Hummus goes with falafel in an age-old way, but this version of the chickpea fritters, which are oven-roasted, is so disappointingly dry that you have to slather the balls with dressing and crunchy toppings like cumin carrots, cucumbers, and shredded beets.

Bowls come with a mini whole-wheat pita, which is warm and light, or a packet of pita chips, which can be seasoned and crisp, as they were on one visit, or unadorned and undercooked, as they were on another.

The restaurant is owned by Emily DeBonis, 31, who lived in London for a year, traveled on the continent, and saw many fast-casual restaurants offering hummus. She made up the name Tahaza, which is meant to sound like tahini. Everything at the place is compostable (food, packaging, bowls, lids, cutlery, napkins), and picked up by Bootstrap Compost. Your job is to stand at the counter that explains what goes where and figure it out (good luck!).

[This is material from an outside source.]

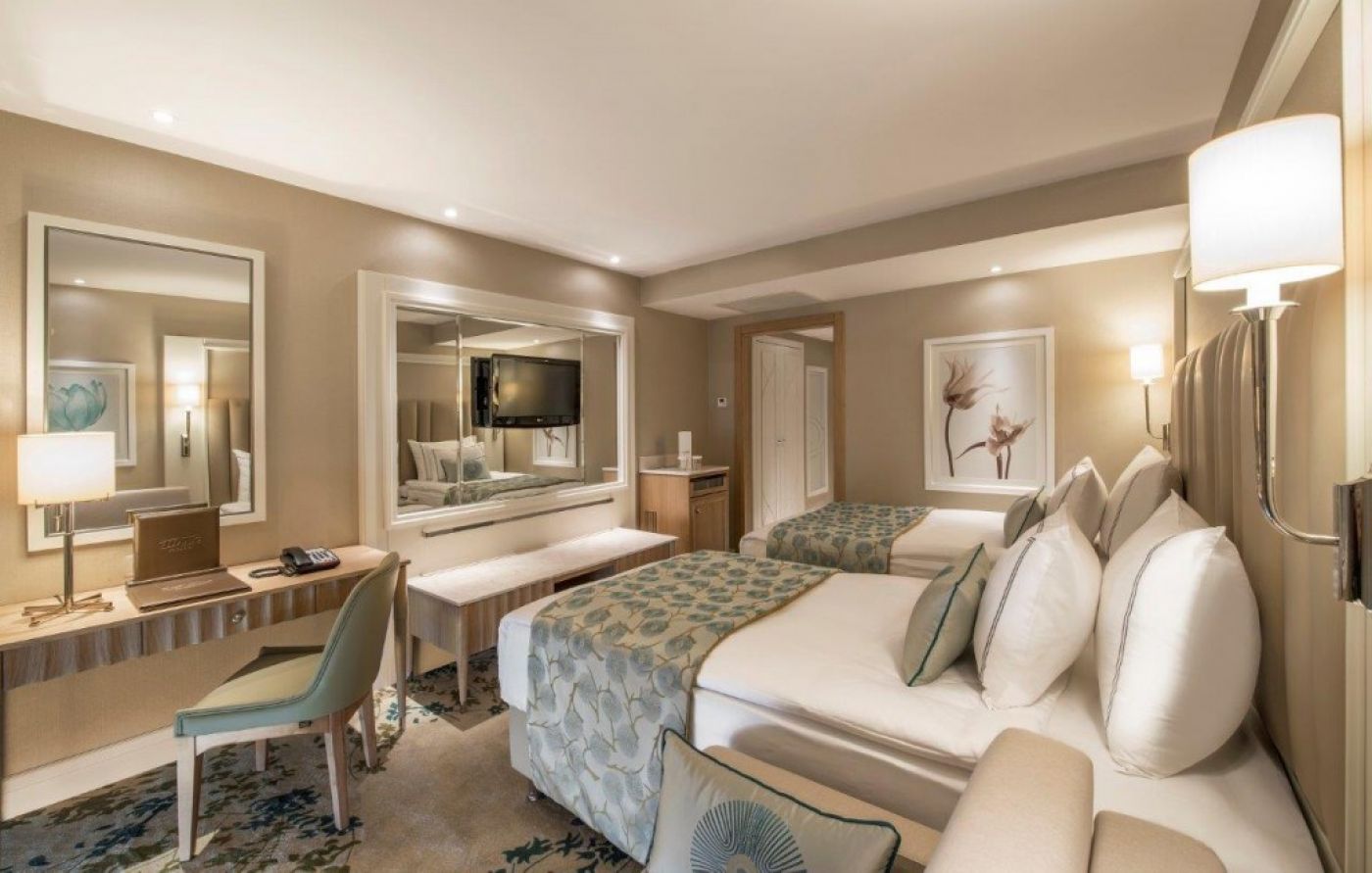 В стаите: Хотелът разполага с 586 стаи. Всички стаи са оборудвани с: централен климатик, телевизор, телефон, сейф (безплатно), мини-бар (безплатно), килим, балкон, баня с душ, сешоар, интернет достъп (срещу заплащане). Почистване на стаите - всеки ден, смяна на спалното бельо – 3 пъти в седмицата, смяна на кърпите – всеки ден.
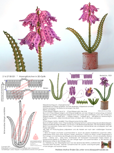 501 Klöppelbrief "Hasenglöckchen" - Blümchen in 3D-Optik

One Canal Park is a building on First Street near the Sears end of the Galleria, so you can buy a dishwasher and get an inexpensive, healthy meal all in the same block. Bring the family. Even fussy customers get to choose exactly what they like.

TAHAZA HUMMUS KITCHEN

One Canal Park, Cambridge,

857-259-6960, www.tahaza.com. Wheelchair accessible.

All major credit cards.

Prices Bowls $8.75-$9.25. Hummus to-go $3. Pita, pita chips, carrots $1.

Hours Mon-Sat 11 a.m.-9 p.m.

Liquor None

What to order Original hummus, beet hummus, red pepper hummus, brown rice, lamb with chickpeas, shredded chicken, cumin carrots, lemon-mint dressing, spicy harissa dressing.